• Work to complete: Look below for the line containing "震源地 | フィリピンのBatoから西4kmの地点 |", then write out that line and every line after it to the end, exactly, minus the pictures.

-------- Data to examine

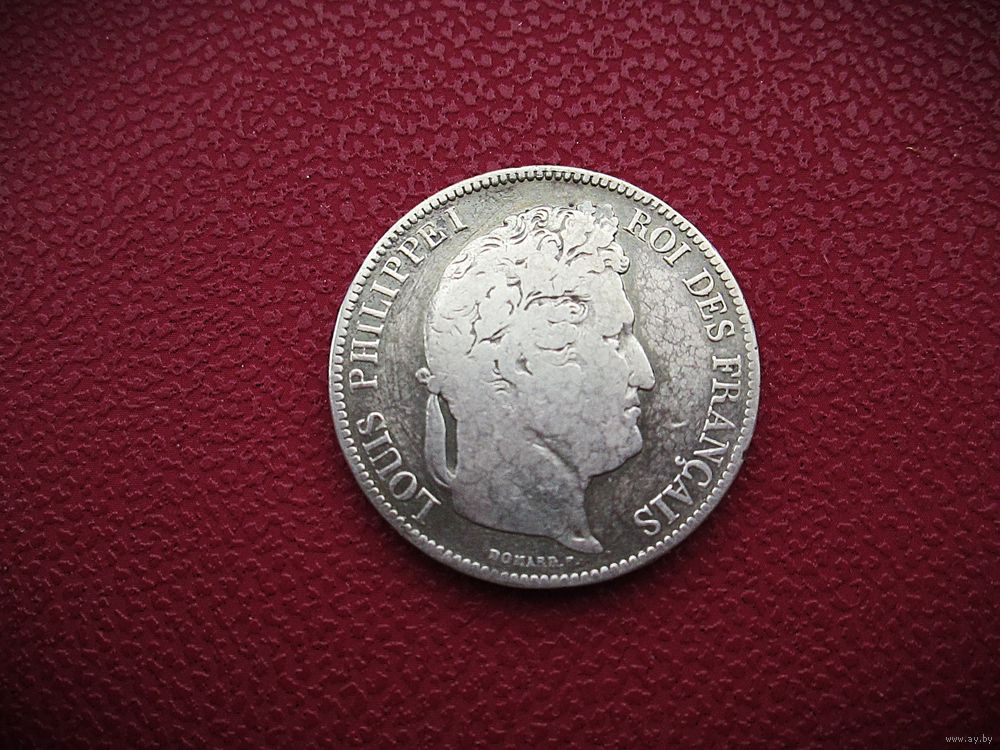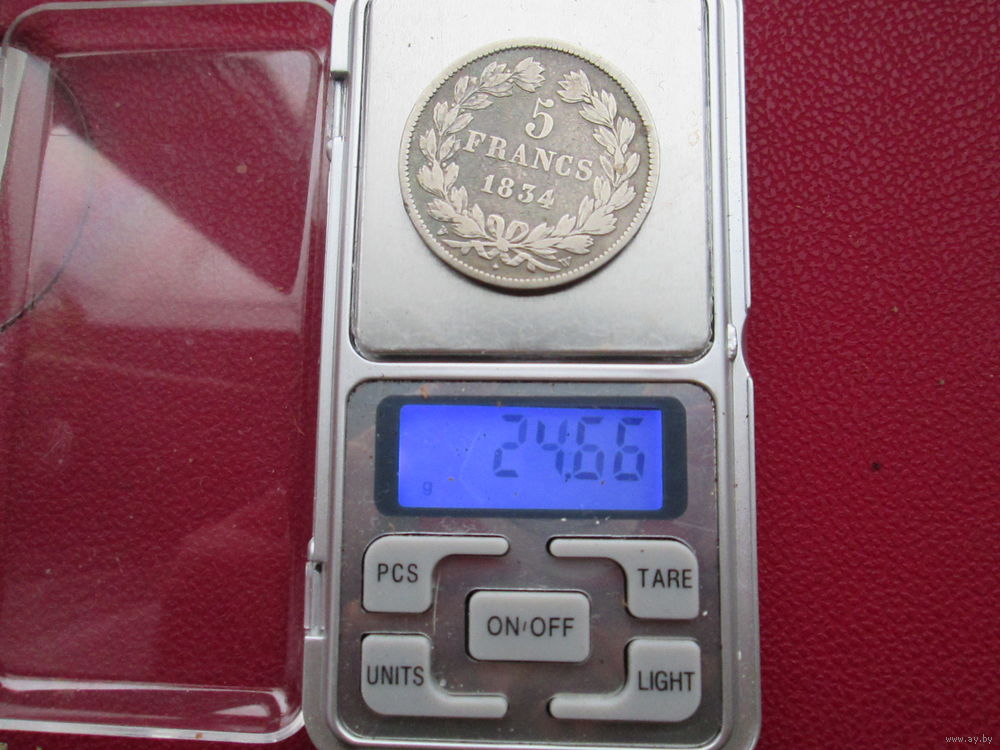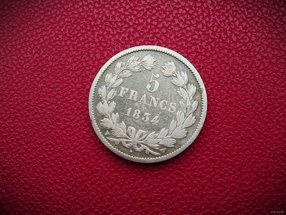 5 ФРАНКОВ (W) 1834г., Франция, СЕРЕБРО 900.
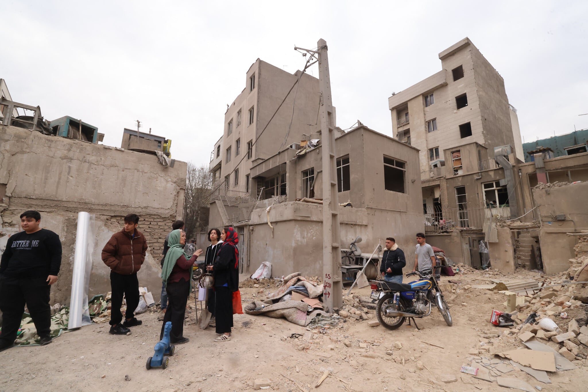 Iranians gather in front of destroyed buildings following a military strike on the Iranian capital Tehran on March 15, 2026. (Atta KENARE / AFP) /
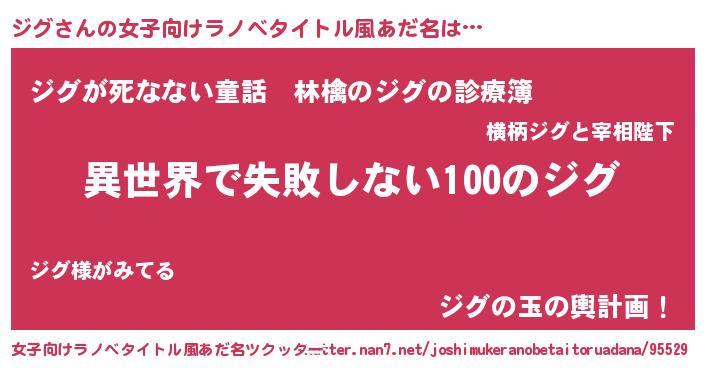 | ヘコむあだ名 | 『ジグ(苦笑)』『ジグっちょ』 |
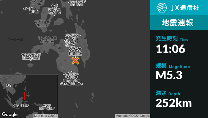 | 震源地 | フィリピンのBatoから西4kmの地点 |
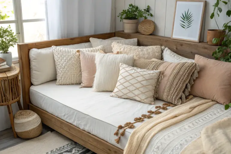A boho daybed is my favorite small-space cheat because it gives you sofa vibes all day and cozy sleep vibes at night. Rattan Daybed by the Window Sunlit rattan daybed by the window—minimal, airy, and perfectly boho for small spaces. In my last studio, I parked my boho daybed right by the brightest window and it instantly looked like a dreamy lounge spot. A rattan or wicker frame plays so well with sunlight that the…

----------------

• Written solution:
 | 震源地 | フィリピンのBatoから西4kmの地点 |
A boho daybed is my favorite small-space cheat because it gives you sofa vibes all day and cozy sleep vibes at night. Rattan Daybed by the Window Sunlit rattan daybed by the window—minimal, airy, and perfectly boho for small spaces. In my last studio, I parked my boho daybed right by the brightest window and it instantly looked like a dreamy lounge spot. A rattan or wicker frame plays so well with sunlight that the…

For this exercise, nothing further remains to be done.